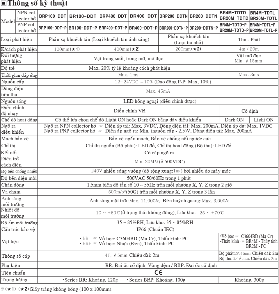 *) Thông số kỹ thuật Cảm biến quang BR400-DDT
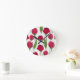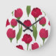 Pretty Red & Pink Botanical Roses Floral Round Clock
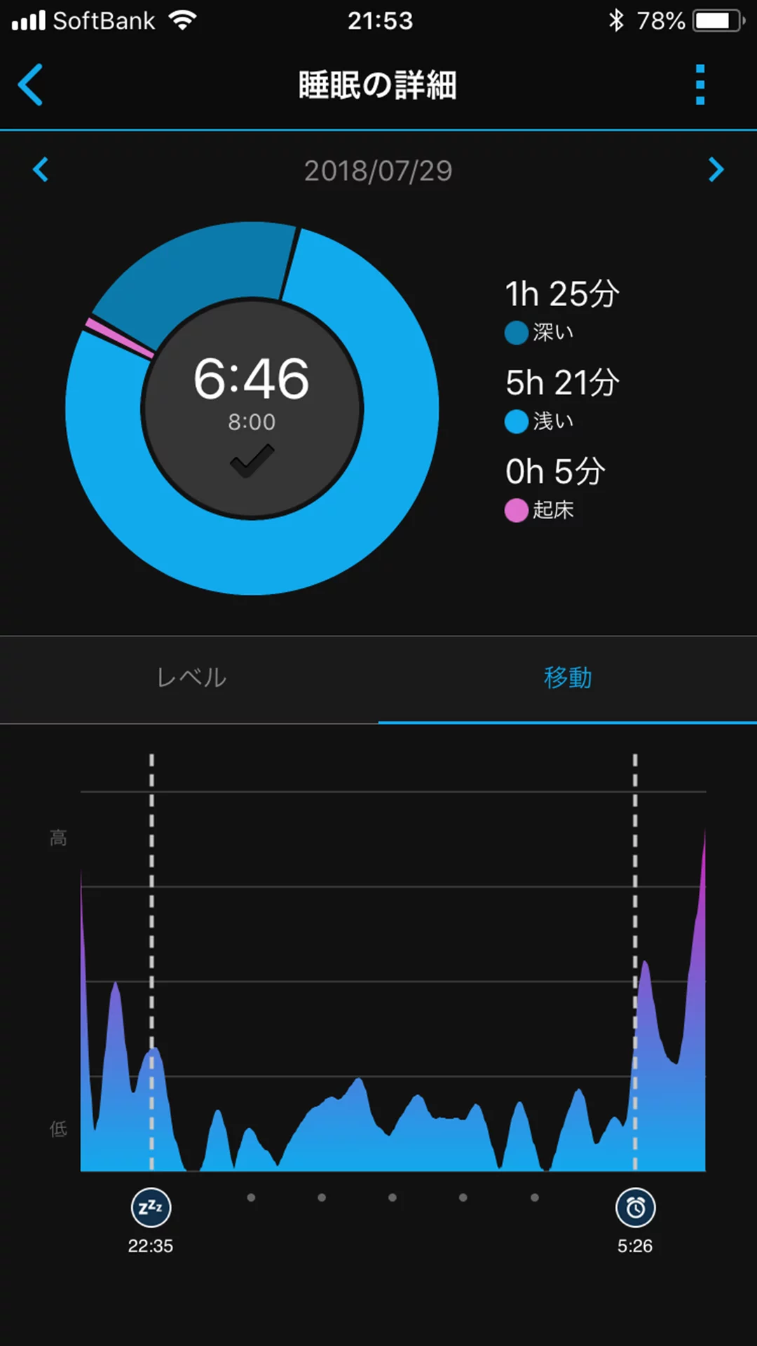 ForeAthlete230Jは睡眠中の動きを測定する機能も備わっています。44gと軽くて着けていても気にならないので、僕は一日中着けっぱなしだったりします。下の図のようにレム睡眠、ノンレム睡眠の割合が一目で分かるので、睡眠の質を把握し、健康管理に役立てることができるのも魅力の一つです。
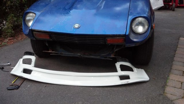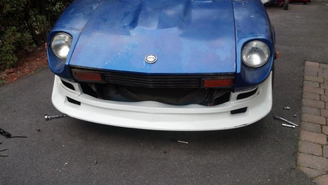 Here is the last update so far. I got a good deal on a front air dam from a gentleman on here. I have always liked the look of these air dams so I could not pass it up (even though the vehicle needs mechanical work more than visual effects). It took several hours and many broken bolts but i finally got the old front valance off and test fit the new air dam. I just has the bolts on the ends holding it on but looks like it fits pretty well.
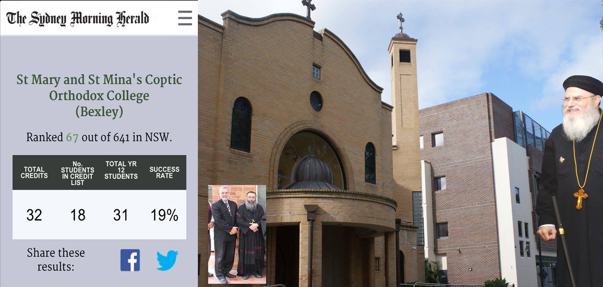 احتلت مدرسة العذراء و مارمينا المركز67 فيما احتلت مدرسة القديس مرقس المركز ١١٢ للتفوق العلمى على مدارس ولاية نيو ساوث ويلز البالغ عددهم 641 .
---
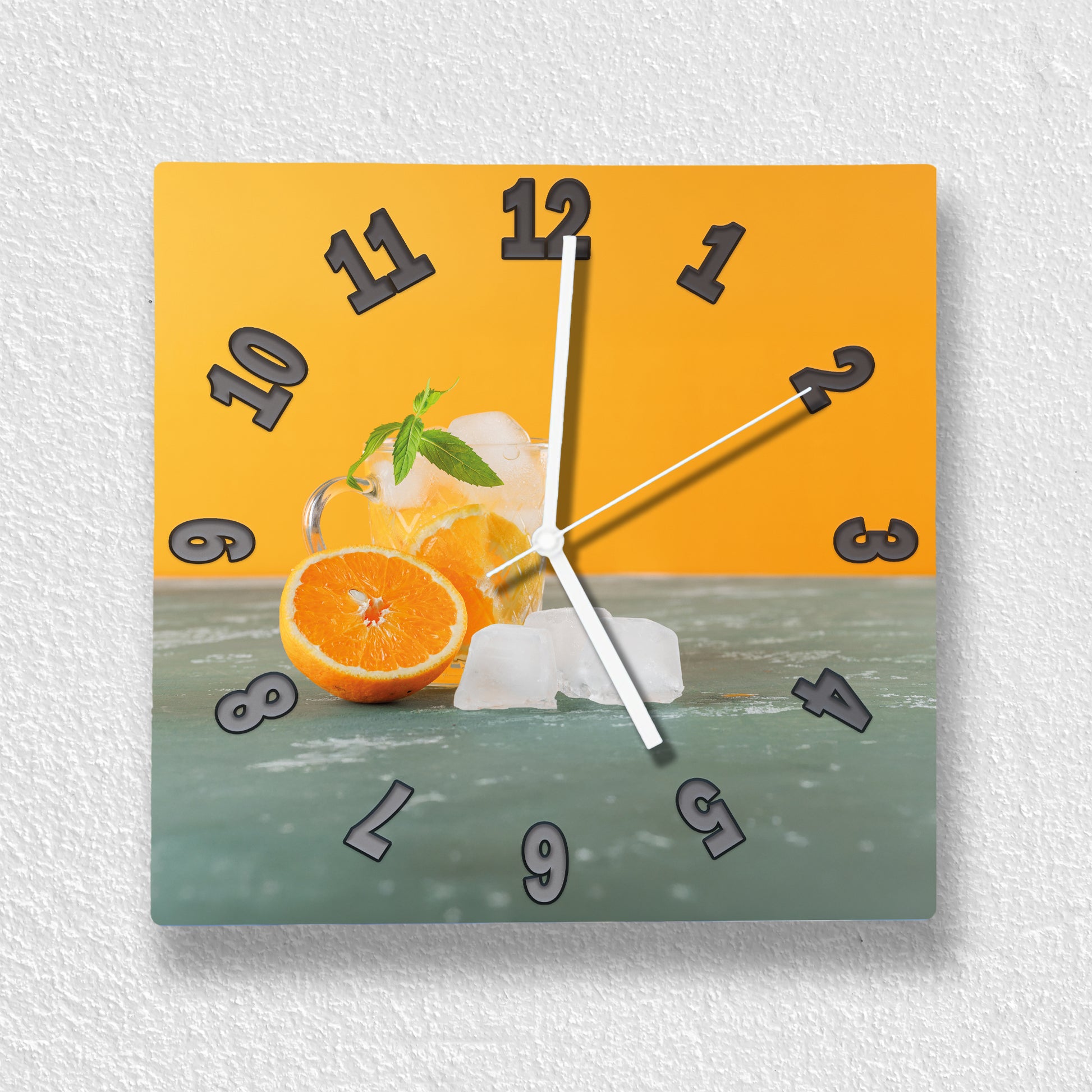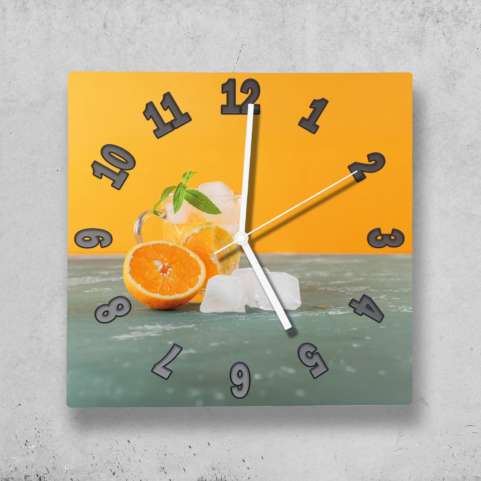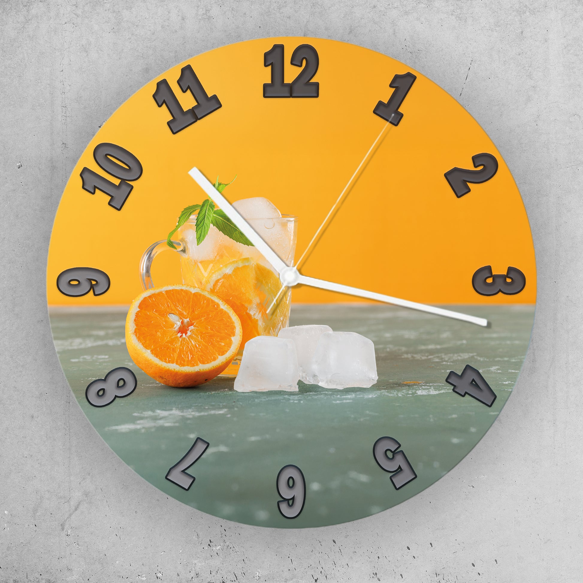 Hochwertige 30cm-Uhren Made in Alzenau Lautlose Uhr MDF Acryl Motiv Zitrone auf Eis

**WHAT NEEDS TO BE DONE**
In the listing above, find the line containing "ForeAthlete230" and the line containing "احتلت مدرسة العذراء", then print exactly those two lines and every line between them, minus the pictures.

**ANSWER BELOW**
 ForeAthlete230Jは睡眠中の動きを測定する機能も備わっています。44gと軽くて着けていても気にならないので、僕は一日中着けっぱなしだったりします。下の図のようにレム睡眠、ノンレム睡眠の割合が一目で分かるので、睡眠の質を把握し、健康管理に役立てることができるのも魅力の一つです。
 Here is the last update so far. I got a good deal on a front air dam from a gentleman on here. I have always liked the look of these air dams so I could not pass it up (even though the vehicle needs mechanical work more than visual effects). It took several hours and many broken bolts but i finally got the old front valance off and test fit the new air dam. I just has the bolts on the ends holding it on but looks like it fits pretty well.
 احتلت مدرسة العذراء و مارمينا المركز67 فيما احتلت مدرسة القديس مرقس المركز ١١٢ للتفوق العلمى على مدارس ولاية نيو ساوث ويلز البالغ عددهم 641 .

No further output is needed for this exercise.